Ефрейтор четвертой роты 208-го альпийского полка дивизии СС «Бавария» Бертольд Мюллер осознает, что нарушил устав боевого охранения, но ничего поделать с собой не может. Во всем повинна эта немилосердная, сатанинская холодная ночь. Еще неделю назад они были в Южной Италии. Еще неделю назад над ними шелестели вечнозеленые пальмы. Еще неделю назад он цедил из бочонка ароматное молодое кьянти и под теплой периной прижимал горячее тело визгливой, но уступчивой хозяйской прислуги Анджелины. Еще неделю назад даже в тоненькой шинели и сапогах из эрзац-кожи он чувствовал себя совсем хорошо. Еще неделю назад!..

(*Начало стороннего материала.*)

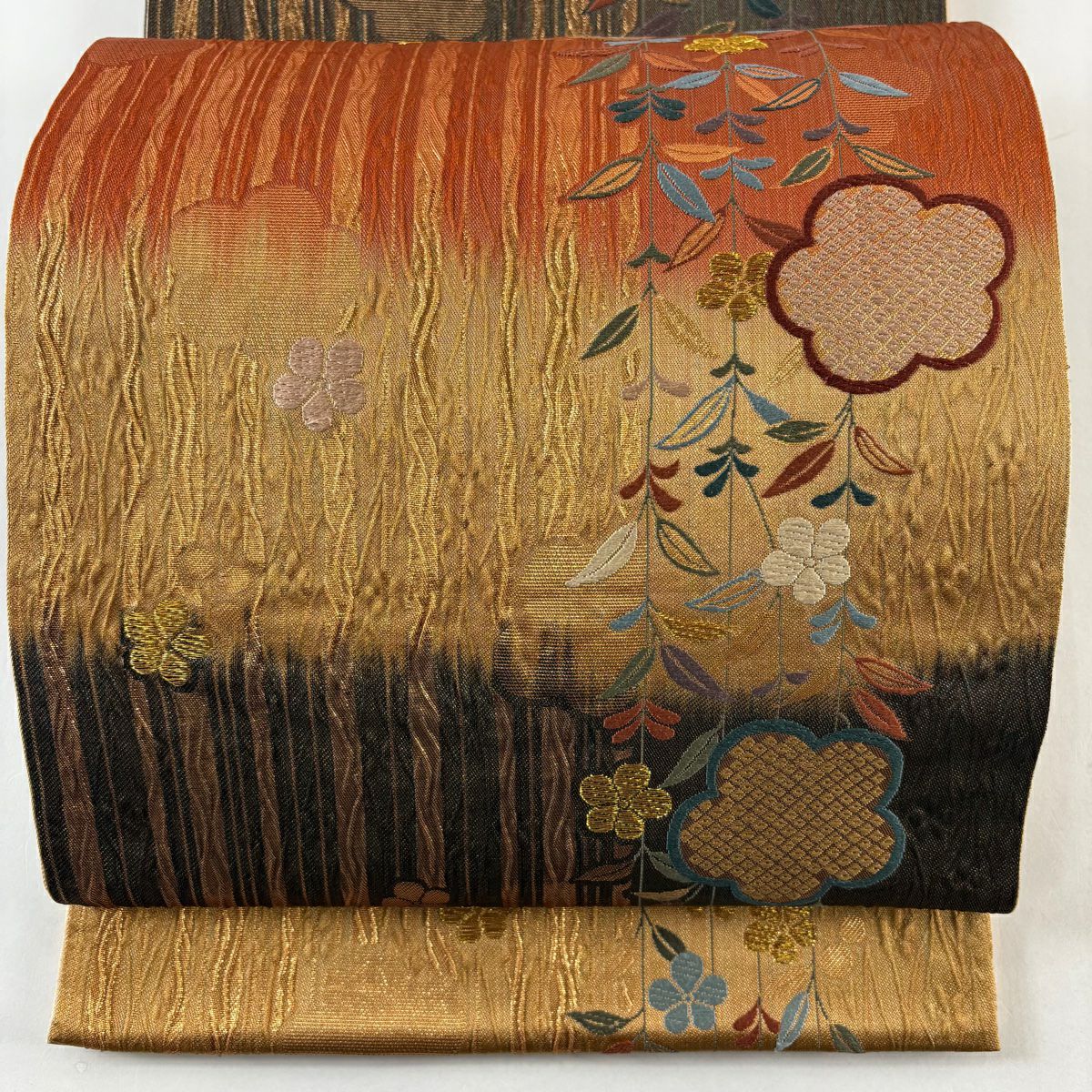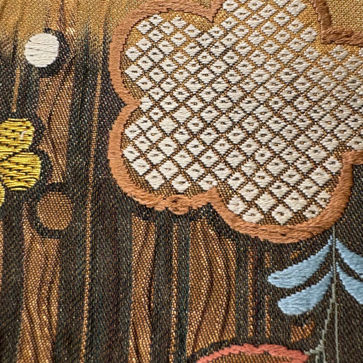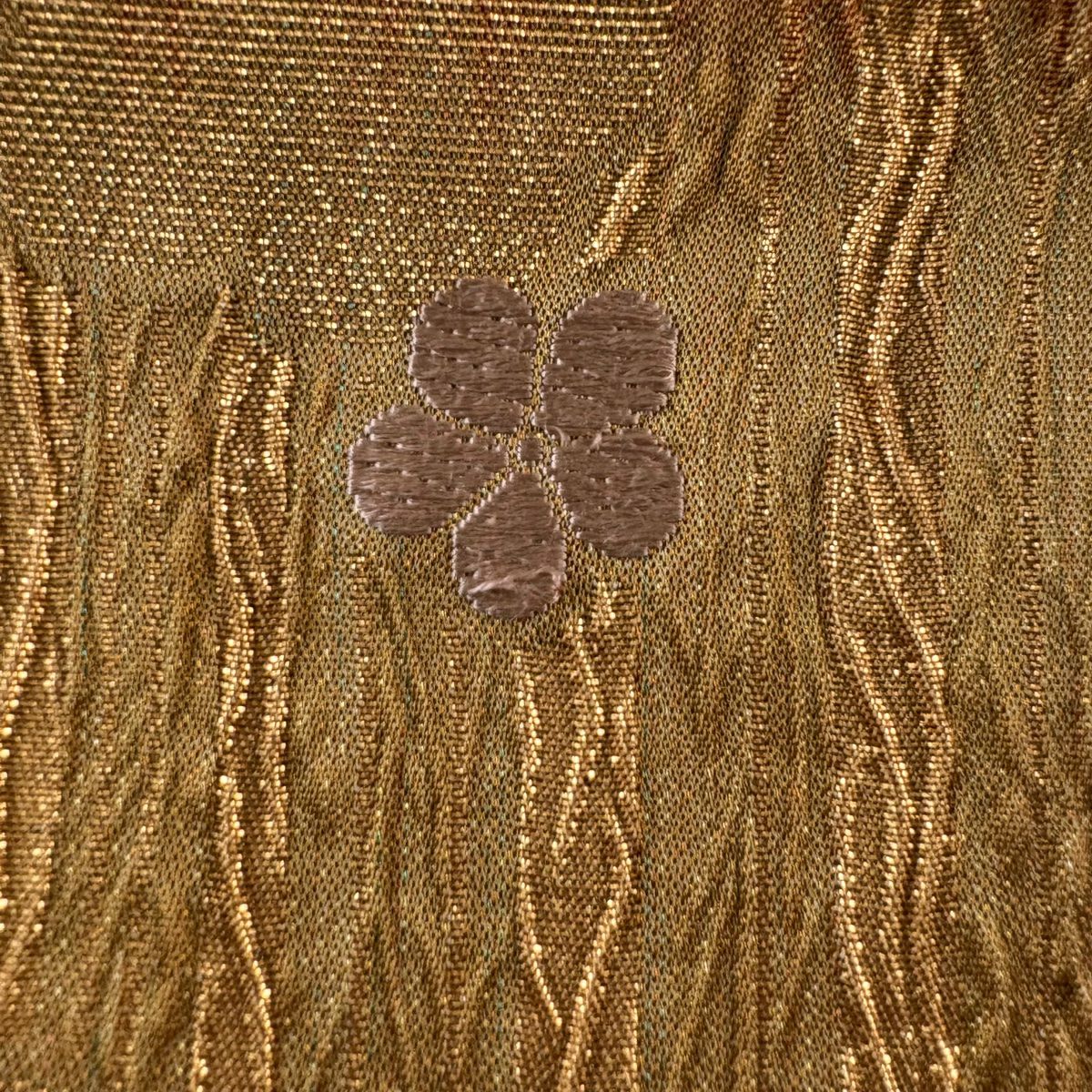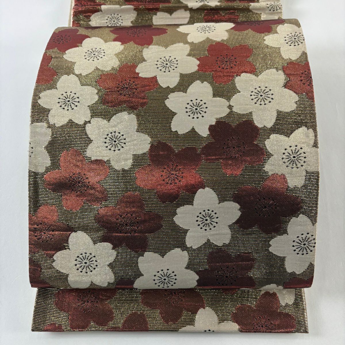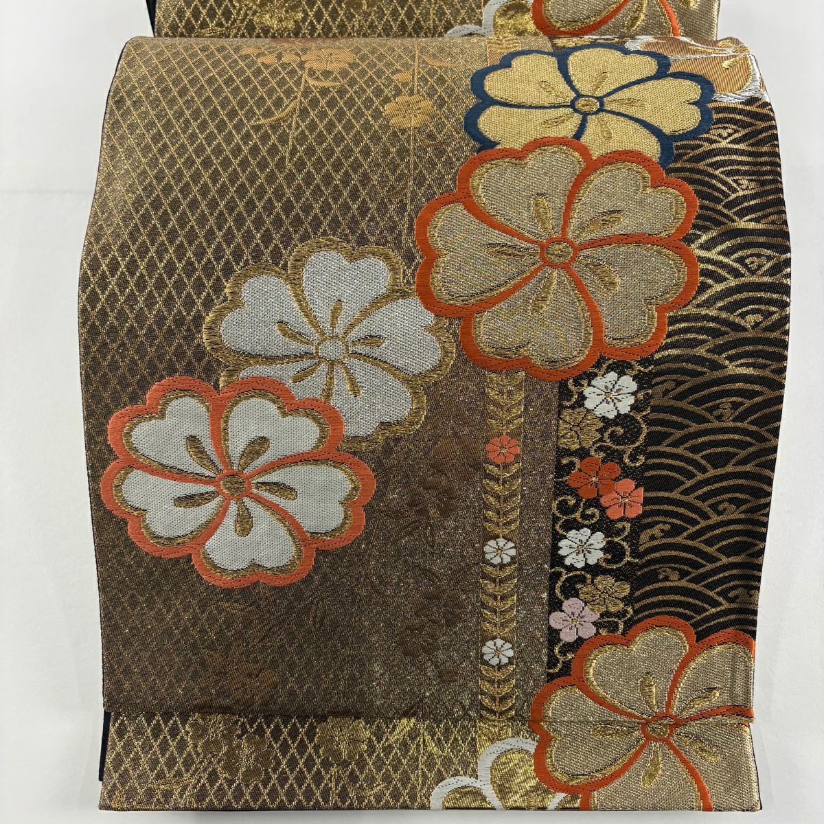 袋帯 秀品 桜 波 箔 唐織 金色 六通 正絹
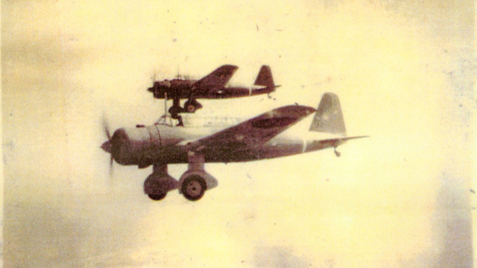 △七三一部队成员樱永孝雄驾驶97式轻轰炸机在南京上空飞行(图片由侵华日军第七三一部队罪证陈列馆提供)
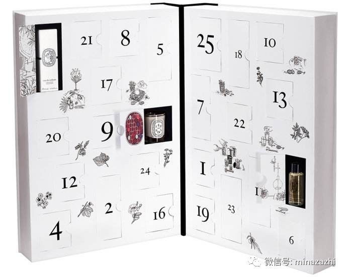 今年的日历包含25款产品,其中14件产品是Full Size装,包括Diptyque、Hourglass、Laura
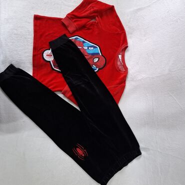 - Boje: crvena majica sa velikim Spiderman printom (plavo-beli detalji), crne pantalone sa crvenim motivom pauka na bedru
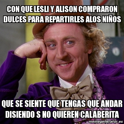 Meme Willy Wonka Con Que Lesli Y Alison Compraron Dulces Para Repartirles Alos Ninos Que Se Siente Que Tengas Que Andar Disiendo S No Quieren Calaberita 6546500
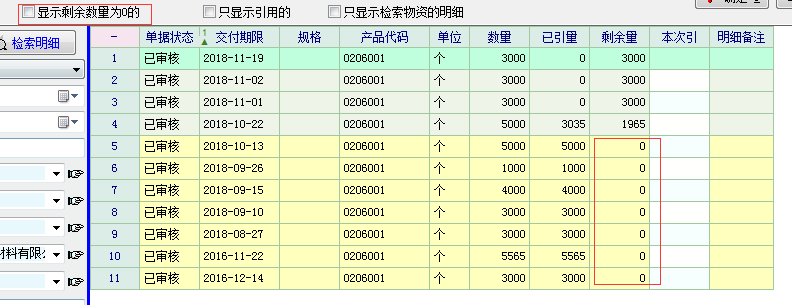 软件一直用的旧版本没这么更新,这次心血来潮更新下就出现了这个问题。。。。 单据引用下,选择【包含物资】项目,进行【检索明细】显示的结果, 即使【显示剩余数量为0的】项目没有勾选,都会将剩余为0的条目显示出来, 如附件图显示,这个怎么进行调整???
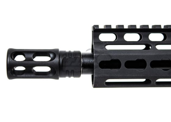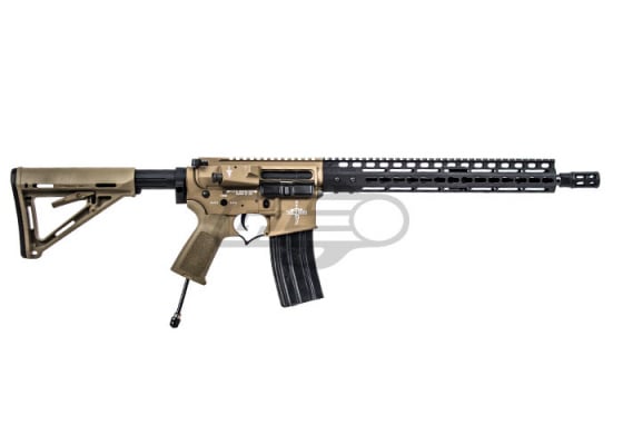 The Airsoft GI Custom Polar Star Desert Carbine Airsoft Gun features PolarStar's revolutionary Fusion Engine. Externally, the Airsoft GI Tech's have added a Full Metal Metal Upper and Lower Receiver, 14.5" outer barrel in accompany with the Madbull Noveske 13" NSR Rail and Go Gun Super Compensator to give the gun a unique appearance. To finish off the gun, a plethora of Magpul furniture has been added to replace the standard pistol grip and retractable stock offering the user a better shooting platform. Internally, the fusion engine completely takes the place of the AEG's gearbox as a direct drop-in, which means that you no longer have to ever worry about stripped gears, broken pistons, or leaking cylinders. It is powered via a High Pressure Air (HPA) setup and only requires a small battery (7.4v-9.6v NiMH or Lipo recommended) to power the onboard computer, which is referred to as the Fire Control Unit (FCU), and is responsible for adjusting all of the features of the gun. Optional color-coded nozzles are available from PolarStar to be able to move the maximum FPS range either up or down. The PR-15 also uses a standard AEG-style hop-up and inner barrel design, which means it can still accept a large variety of standard AEG upgrade parts.
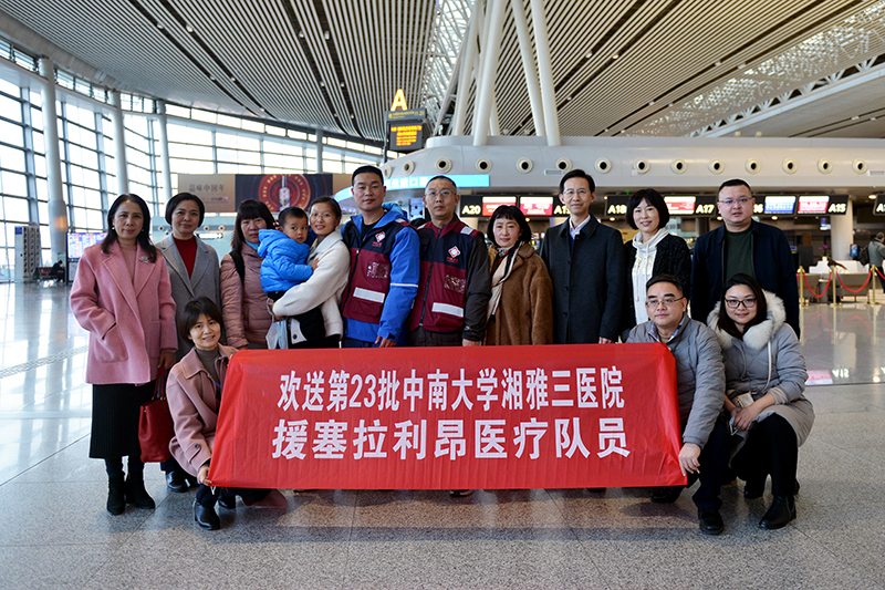 12月23日上午,肖际东、王潇随中国(湖南)第23批援塞拉利昂医疗队启程奔赴塞拉利昂,医院党委委员、副院长欧阳文,相关部门负责人、队员家属、同事等到机场为队员们送行。
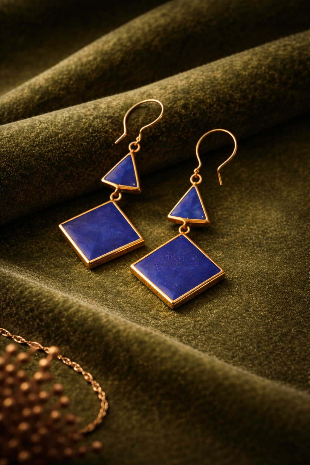 | Name | Lapis Lazuli Geometric Bronze Dangle Earrings |
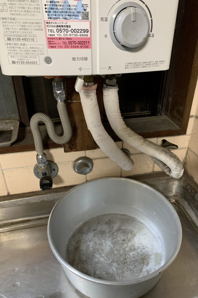 下部に 水受けの容器を置いていますが、やはり まだ 瞬間湯沸かし器の水漏れが認められます
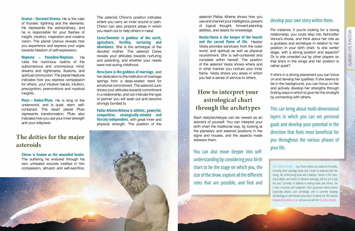LISA TENZIN-DOLMA – Lisa Tenzin-Dolma has authored 34 books, including three astrology books and a book co-authored with Kac Young. Her forthcoming book with Llewellyn, Stories in the Stars: Greek Myths and Deities in Western Astrology, will be out in July this year. Currently, in addition to writing books and articles, she is also a musician and songwriter. She’ s passionate about science( especially physics and cosmology) and is currently studying Astrobiology at a well-known university in Scotland, UK. Her website is www. tenzindolma. co. uk and you can visit her YouTube channel.
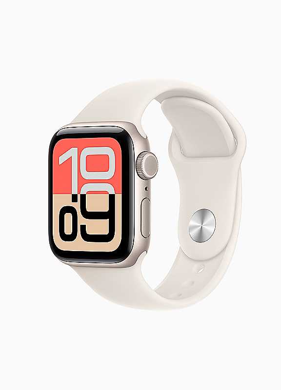 Stay one beat ahead.Get meaningful insights about your health, just by wearing your Apple Watch SE 3. A new wrist temperature sensor enables deeper insights in the Vitals app and retrospective ovulation estimates in the Cycle Tracking app. You'll also receive a daily sleep score and possible sleep apnoea notifications. It's never been easier to live in the know.Make every move count.From running to riding your bike, tennis to tai chi, Apple Watch SE 3 gives you a healthy number of ways to track your workouts. With real time metrics and new personalised fitness encouragement, it will motivate you to hit your goals like never before.The S10 chip - the same epic chip that runs Apple Watch Series 11 and Ultra 3 - comes to SE 3, giving you all new superpowers. Now the Always On display shows the information you want at a glance, without raising your wrist. And intuitive gestures, like double tap and wrist flick, make your watch even easier to control with just one hand when you're holding a coffee or carrying shopping.With Apple Watch SE 3, you can keep in touch with the people and things that matter most. Cellular lets you stay connected even when you don't have your iPhone nearby. And now with 5G capability, you can download apps faster and stream music or podcasts at the speed of go go go.44mm DisplayGPS + Cellular - make calls & send messages with just your Apple watch (a GPS + Cellular model is required to use family setup)Always-on display, more durable Ion-X front glassS10 chip, faster performance over prior model5G connectivity for quicker data on the goUp to 18 hours of battery life on a single charge2x faster USB-C charging vs SE2Health upgrades: sleep apnea detection, temp sensor, sleep scoreGesture control: double-tap & wrist-flick supportPlay music/podcasts directly via built-in speakerLaunched with watchOS26, Liquid Glass UI + Workout Buddy AIStandalone Connectivity: Make & receive calls, send messages, & stream music without needing your iPhone nearbyEmergency Calling: Call emergency services directly from your watch, even without your phoneFamily Setup Support: Set up & manage the watch for family members who don't have an iPhone | smart watch health tracking, rectangular watch, smart watch music player, electronic watch, rechargeable watch, smart watch with heart rate monitor, casual watch, minimalist watch, touch screen smart watch, smart watch for iphone, cellular smartwatch, smartwatch sleep tracking, smart watch fitness tracker, plastic strap watch, digital watch

А сейчас… Черт бы его побрал! Лежать притаившись! На этой промерзшей, забытой богом земле! Да он давно бы уже превратился в сосульку. В бездыханную ледяную глыбу. В мертвеца! Вот что было бы из него, если бы он действовал по уставу.
Нет, он будет двигаться, покуда жив. И выживет. Во что бы то ни стало выживет. Для этого у него есть фляга, в которой на донышке булькает не разбавленный шнапс, а крепкий ямайский ром. Подогретый огненным напитком, ефрейтор подпрыгивает и будет прыгать до самого утра, потому что движение, как и ром, согревает кровь. Проклятая ночь! Собачья жизнь! Жалкая судьба!
Любопытно, кто сейчас нежится там, в теплой каморке, в объятиях смуглянки Анджелины? А еще интереснее, кто спит с его собственной женой, худенькой, невзрачной, но хитрой, как кошка, Мартой. Есть ли еще у него домик, бакалейная лавочка, фрау Марта Мюллер, их сыночек Отто? И существует ли вообще на свете живописный Радебойль — спокойное предместье суетливого Дрездена? Дрезден часто подвергался ударам с воздуха…
Главное сейчас — выжить. Не замерзнуть, не упасть от пули и осколка, не умереть от тифа или туляремии. Во что бы то ни стало выжить! Любой ценой! Фюрер тоже не дремлет. Фюрер видит на десятилетия вперед. Уже по дороге сюда Мюллер сам читал в «Фолькишер беобахтер» о грандиозном плане генеральной реконструкции рейхстолицы — Берлина. Какие там будут сооружены здания, мосты, объездные дороги! Да, фюрер верит в победу. А доктор Геббельс по радио твердо пообещал новое, неслыханное до сих пор оружие. Держись, Бертольд, еще не конец!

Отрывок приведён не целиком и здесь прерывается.